There’s Beauty in the Details

Smoking Tigers

Los Angeles is known as the city of lights, a place where people can come to start anew for themselves, and there are plenty of small details throughout the movie nodding to this legacy. As Hayoung goes out at night, discovering an entirely different world where her much wealthier classmates can party and drink alcohol without worrying about the financial costs of it, the overlay of lights makes them appear like stars, a guide to keeping Hayoung going even when it seems like all has been lost and she should give up. But in life, we’re given second chances, and that’s what Hayoung comes to realize by the movie’s end.

At the beginning of the movie, Hayoung is seen in a bathtub. This becomes a recurring motif throughout the film, as the original bathtub she’s seen in isn’t her own. It’s one of her father’s clients, who has money due to the nice home she owns. Later on, Hayoung becomes obsessed with a renovated house that’s about to go on the market for rent, but her mother shuts down the idea of moving because they can’t afford it. So when Hayoung is looking for somewhere to escape to at night, she ends up breaking into that home, reimagining what her life could look like if her family lived there. Again, the house’s bathtub shows up in some of these scenes.

For other scenes, the camera lingers in the background as an observer, angled in a way that feels like we, as the viewers, are gazing in on an intimate moment. Whether it’s Hayoung and her sister sitting in front of a pool of a client, their reflections rippling in the water, or a camera placed above the party happening below, it evokes a sensation making one feel like they’re trapped at the moment with Hayoung. Even as she quickly walks down a Koreatown street at night, wolf whistles happening behind her, there’s a sense of intimacy and also nostalgia. Smoking Tigers takes place in the 2000s, and its imagery is rooted in the time it’s set in as well. And maybe that’s a good thing in the long run–although the characters may have flip phones now, someone with Hayoung’s mentality might be concerning in the age of social media, especially on Instagram and TikTok.

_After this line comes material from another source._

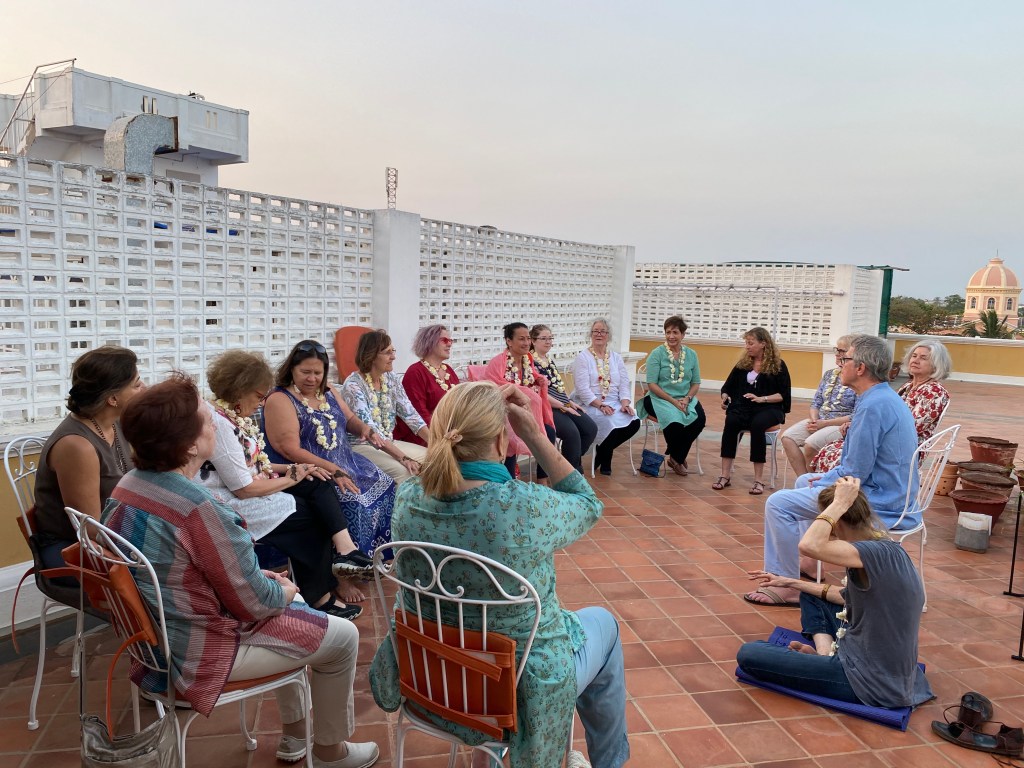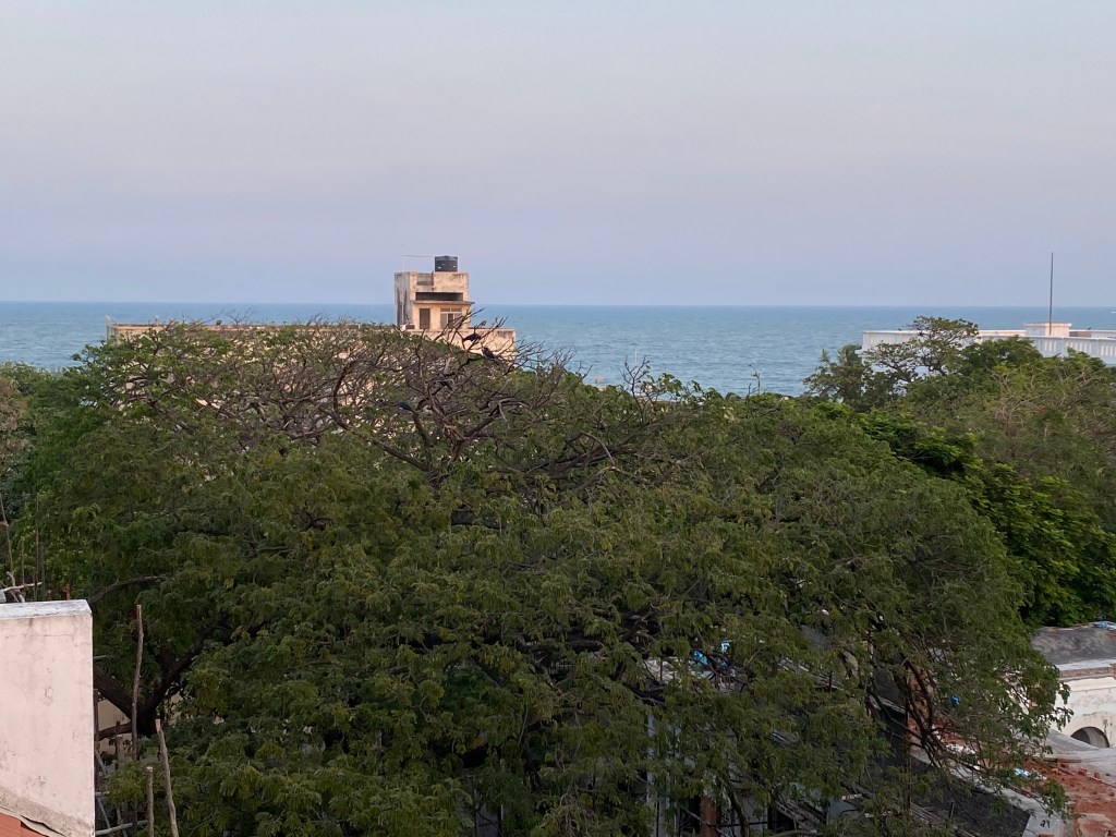 Era temprano y nos dio tiempo a deshacer las maletas, bañarnos y hacer una pausa. A las 6 nos encontramos en la terraza para meditar. Resultó ser un área muy agradable, con una brisa deliciosa y desde la cual podíamos ver el mar, la Bahía de Bengala.

Related: Why House of Hummingbird is the Korean Coming-of-Age Movie Everyone Needs to See Once

A Strong Debut Effort

Smoking Tigers -- Pool Scene

One of the film’s weaker sides, however, is the nature of the dialogue. Although the interactions between the characters come across as natural, like Rose and Hayoung becoming friends originally because Hayoung slides over a pencil before a test, sometimes their interactions feel too stiff, the conversations a bit unnatural. But on the other side of the dialogue, the weaving together of Korean and English conversation makes the movie feel more genuine–for diaspora stories, there’s a forced integration of English into the dialogue oftentimes that isn’t reflective of most immigrant households.

This doesn’t happen in Smoking Tigers. Hayoung interacts with her parents in Korean and speaks English with her friends as they roll their eyes over their parents’ obsessions with their grades and academic performance. Too often when it comes to depictions of Asian American parents, especially mothers, English-language movies resort to the stereotype of the Tiger Mother. Smoking Tigers dispels these notions–for those like Hayoung’s mother, their child’s education is a way to escape the nature of being a low-income immigrant household in California. Although it may seem like a waste at first she is paying so much money for the hagwon, it’s seen as a vehicle for opportunity.

Smoking Tigers is a strong and exciting debut for an emerging filmmaker. Asian American individuals, particularly those of East Asian descent, often fit within the model minority stereotype inside American entertainment and media, but Smoking Tigers shows the other side of this conversation: the American Dream is still a reach for so many immigrants, and for youths growing up in these environments, it can create feelings of shame, isolation, and detachment from their peers in the same age group. A character like Hayoung isn’t alone in this world, and this becomes a subtle, but powerful form of representation for these kinds of stories.

Smoking Tigers had its premiere at the Tribeca Film Festival on June 10, 2023.